La escalada militar entre Irán y Estados Unidos alcanzó un nuevo punto crítico con bombardeos sobre territorio iraní y el cierre del Estrecho de Ormuz, uno de los puntos de tránsito más importantes del comercio marítimo mundial. El impacto sobre las cadenas de suministro globales es inmediato: aumento del precio del petróleo, suba de los costos de fletes y nuevas presiones sobre las ya tensionadas rutas del transporte internacional de contenedores. Para Paraguay, la crisis vuelve a encender las alertas sobre los costos logísticos y la disponibilidad de contenedores.
Golfo Pérsico. El conflicto entre Irán y Estados Unidos se recrudeció de forma dramática en las últimas horas, con bombardeos sobre territorio iraní y el cierre del Estrecho de Ormuz, según informó el diario La Nación en su edición del 15 de julio de 2026. La noticia representa la escalada militar más grave en la región desde el inicio de las tensiones y tiene consecuencias directas sobre el comercio marítimo mundial.
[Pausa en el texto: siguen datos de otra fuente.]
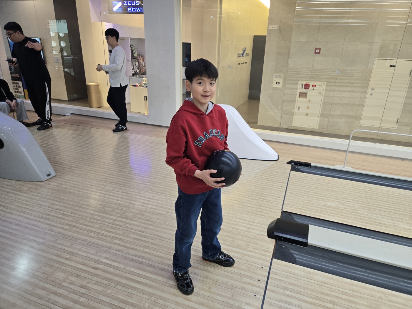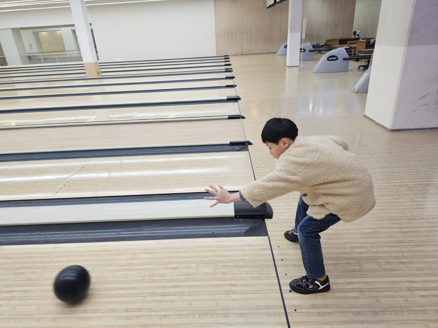 처음으로 볼링장에 방문한 우리 친구들.
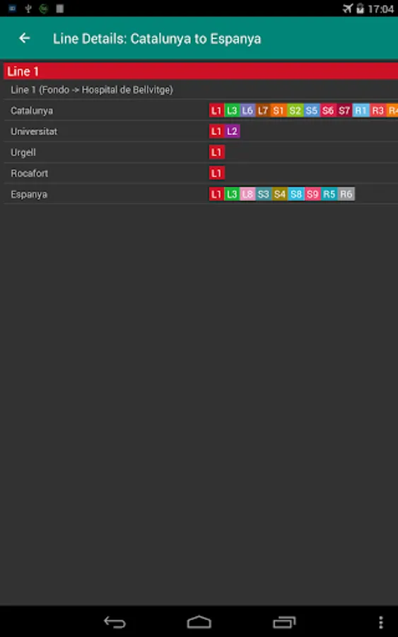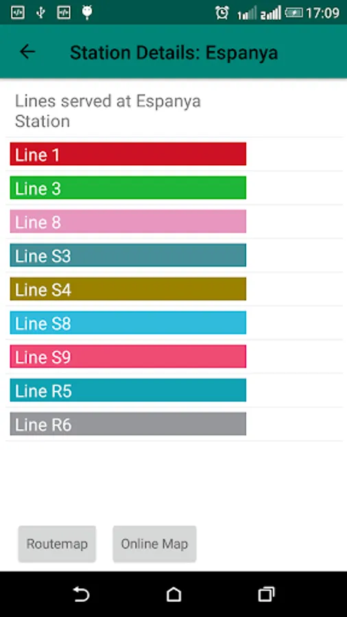 You can also view the detailed station list for each train line in Barcelona. You can long tap on any station name from the list to see it on online maps.

El Estrecho de Ormuz es un paso estratégico por donde transita aproximadamente el 20% del comercio mundial de petróleo. Su cierre, aun parcial o temporal, dispara de inmediato los precios del crudo y de los combustibles marinos, encarece los fletes y altera las rutas de navegación en una zona ya afectada por la inestabilidad en el Mar Rojo.
Para el sector logístico global, esta nueva crisis se suma a un escenario que ya registraba congestión en puertos asiáticos, tarifas spot en alza y un adelantamiento de embarques por la incertidumbre geopolítica. Según había señalado recientemente Judah Levine, Head of Research de Freightos, los combustibles marinos aún se mantenían entre un 20% y un 30% por encima de los niveles previos al conflicto en Medio Oriente, y la nueva escalada podría profundizar esa tendencia.
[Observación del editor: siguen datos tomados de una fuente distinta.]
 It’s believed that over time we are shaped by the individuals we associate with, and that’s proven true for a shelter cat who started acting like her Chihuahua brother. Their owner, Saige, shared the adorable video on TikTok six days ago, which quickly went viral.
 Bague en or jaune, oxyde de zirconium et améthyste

Impacto en Paraguay. Para Paraguay, país mediterráneo que depende del transporte fluvial y marítimo para el 80% de su comercio exterior, el agravamiento del conflicto en el Golfo Pérsico enciende las alertas. El aumento del precio del combustible impacta directamente en el costo de los fletes fluviales y marítimos. La inestabilidad en las rutas globales puede provocar escasez de contenedores vacíos y demoras en los puertos de transbordo que afectan a los exportadores paraguayos.
ANÁLISIS DE OPINIÓN
Por el equipo de redacción de Mundo Fluvial Marítimo
Ormuz, un conflicto lejano que golpea en el río Paraguay
La geopolítica no es un tema ajeno al sector fluvial. Cada misil que cruza el cielo de Medio Oriente, cada estrecho que se cierra, cada barril de petróleo que sube de precio, impacta en la cadena de costos que termina en nuestras barcazas, en nuestros puertos y en el bolsillo del exportador paraguayo.
El cierre del Estrecho de Ormuz es una noticia grave para el comercio mundial. Para Paraguay, que ya carga con el sobrecosto de la mediterraneidad y con pasos críticos sin dragar, un nuevo shock externo es un recordatorio de la necesidad de fortalecer la infraestructura propia, negociar con inteligencia los costos de los fletes y diversificar las rutas de salida al mundo.
La estabilidad global es un bien escaso. En tiempos de incertidumbre, la previsibilidad logística se vuelve un activo estratégico. Paraguay debe seguir trabajando para que su Hidrovía sea un factor de competitividad, incluso cuando el mundo se sacude.